Получается так: из общих интересов у них – только Ана. Но Алик, скорее всего, даже не знал, что Герман с Аной три года встречались. Векшин, возможно, знал. Хотя вряд ли, скорее догадывался. Ана предпочитала, чтобы на работе не было известно о ее романе с Германом. Их видели вместе, что из этого? Были общие проекты, вот и все. Она могла подвезти Германа в отель, как бы по пути домой, иногда вместе обедали, бывало, что и с Векшиным. Ничего, ровно ничего это не значит. Нет, вряд ли Алику известно об их романе. Из москвичей только Леня Мелихов мог быть в курсе. Но Мелихов с Аликом, наверное, незнакомы. Алик хочет повидаться именно с ним, Германом, и, когда звонил, был сильно взволнован. Любопытно, что могло вывести его из равновесия?

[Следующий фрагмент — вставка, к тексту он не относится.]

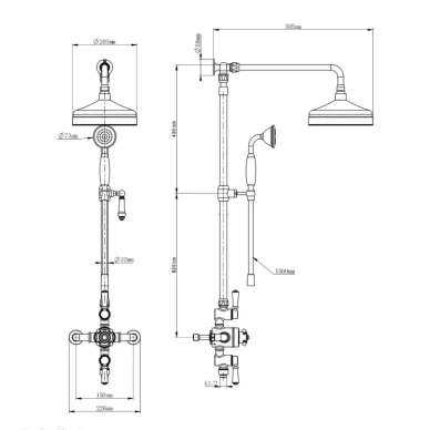 - Комплектация: смеситель, термостат, кронштейн, шланг, держатель, лейка, стойка, верхний душ

– Привет, Алик, я уже здесь. Где бы нам лучше поговорить? Заходи в Националь, я там остановился, ближе к вечеру освобожусь. Не нравится? Ну а как тебе ресторан ЦДЛ?

– Нет, Герман, не ходок я по ресторанам. Не ем, как люди, ты же знаешь: у меня гастрит, таблетки принимаю. Так что загляни лучше ко мне в мастерскую, это недалеко от ЦДЛ, дворами можно пройти, я все разобъясню.

– Мастерская? Не думал, что ты автомобилист.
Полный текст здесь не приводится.